[1994/5]
Beste lezers,
Jan Fabre: één van die Vlamingen die het internationaal maken. Met een werk dat een literair tijdschrift niet onverschillig kan laten, hoewel we in die sector de eersten zijn om met dat werk wat te doen. Maar waar te beginnen: theater? eenakter? opera? choreografie? beeldende kunst? Hoe ver moet je gaan en hoe volledig wil je zijn? Met welke tekstsoorten benader je zo'n fenomeen? En voor welk publiek? Vragen voor de samensteller van dit Fabre-nummer: Sigrid Bousset.
Over belangrijke kunstenaars wordt door allerlei bewonderaars nogal eens geschreven in een vaag-esoterisch of pseudo-geleerd taaltje. Maar er is ook die andere houding: waar ik geen voeling mee heb, wat ik niet begrijp, heeft geen waarde. De houding van de middelmatige, die alles neerhaalt tot op het niveau van zijn eigen mediocriteit. In de kunstkritiek en in het literaire bedrijf een zéér bekend fenomeen.
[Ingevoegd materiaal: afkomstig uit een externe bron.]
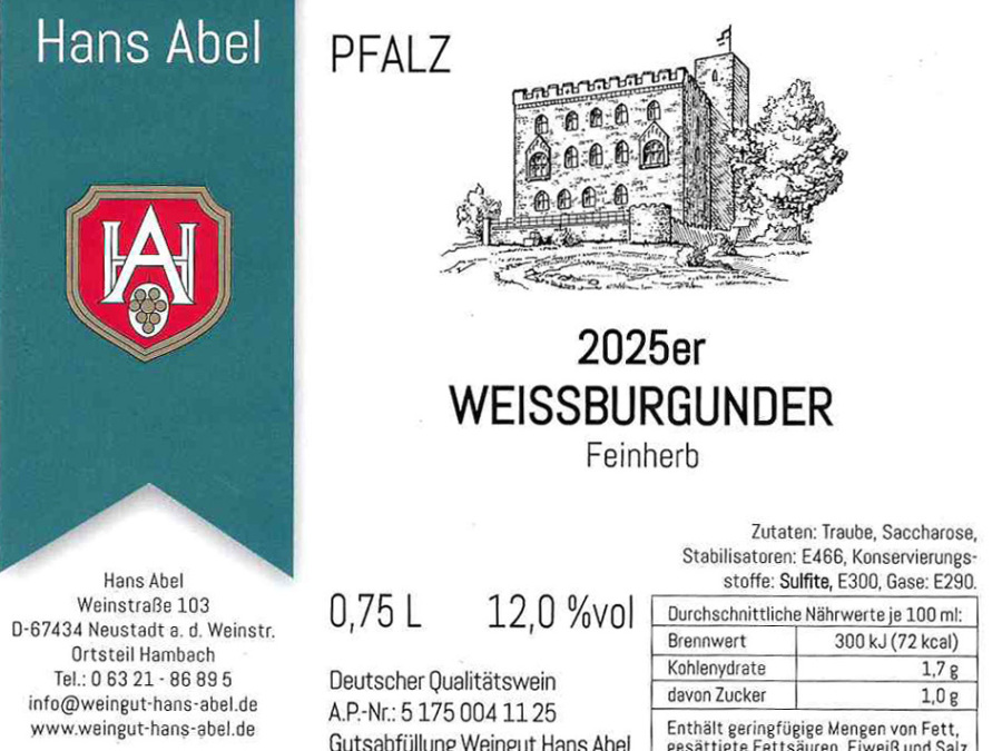 Der Weißburgunder des Jahrgangs 2025 begeistert mit einer feinfruchtigen Art und einem vollen, ausdrucksstarken Bouquet. Zarte Aromen von reifen Birnen, gelbem Apfel und einem Hauch von Zitrusfrüchten prägen das harmonische Duftspiel.

In dit nummer wordt gekozen voor teksten die aan de bovenstaande categorieën ontsnappen. Rudi Laermans en Stefan Hertmans belichten essayerend onvermoede en onverhoedse facetten van Fabres wereld. Laermans heeft het over zijn werk als een oorlogsmachine tegen het commerciële kunstencircuit, een Paard van Troje dat de Schoonheid (met hoofdletter) in dat circuit binnensmokkelt; hij schrijft over de naaktheid als ‘mise à mort’, over de feeërieke wereld van beelden, waarin de tijd wordt stilgezet, herhaald, teruggespoeld. En Hertmans raakt hoogst persoonlijke onderwerpen aan: Fabres dieren zijn verklede, te laat gekomen filosofen en uit Els Deceukeliers erotische mond klinkt een ‘memento mori’ op.
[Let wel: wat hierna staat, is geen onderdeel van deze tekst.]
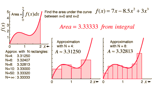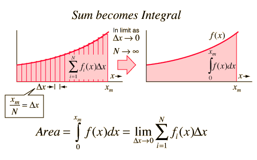 Integral as Limit of AreaThe approximation to the area under a curve can be made better by making the approximating rectangles narrower. The idea of the integral is to increase the number of rectangles N toward infinity by taking the limit as the rectangle width approaches zero. ![]() While the concept of geometrical area is a convenient way to visualize an integral, the idea of integration is much more general than that. Any continuous physical variable can be "chopped up" into infinitesmal increments (differential elements) so that the sum of the product of that "width" and some function approaches an infinite sum. The integral is a powerful tool for modeling physical problems which involve continuously varying quantities.
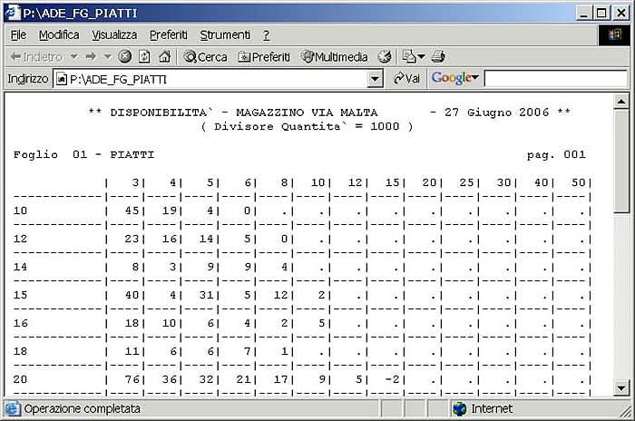 Per soddisfare le esigenze di analisi della disponibilità di prodotto da parte degli operatori commerciali preposti alla ricezione ordini è possibile predisporre una rappresentazione dei dati di disponibilità in forma di foglio elettronico.

Dan zijn er de poëtische reacties op Fabres werk van Peter Verhelst, Anneke Brassinga en Dirk van Bastelaere, waarbij de laatste twee zich bedrieglijk losjes op het werk van de beeldend kunstenaar en theatermaker inspireren.
Maar de lezer heeft het laatste woord - voor zover iemand dat bij Fabre al kan hebben. Hij kan kijken naar de blauwgebicte werken en lezen in de tekstcollage, waarin een fragment uit Fabres nieuwe eenakter: De keizer van het verlies.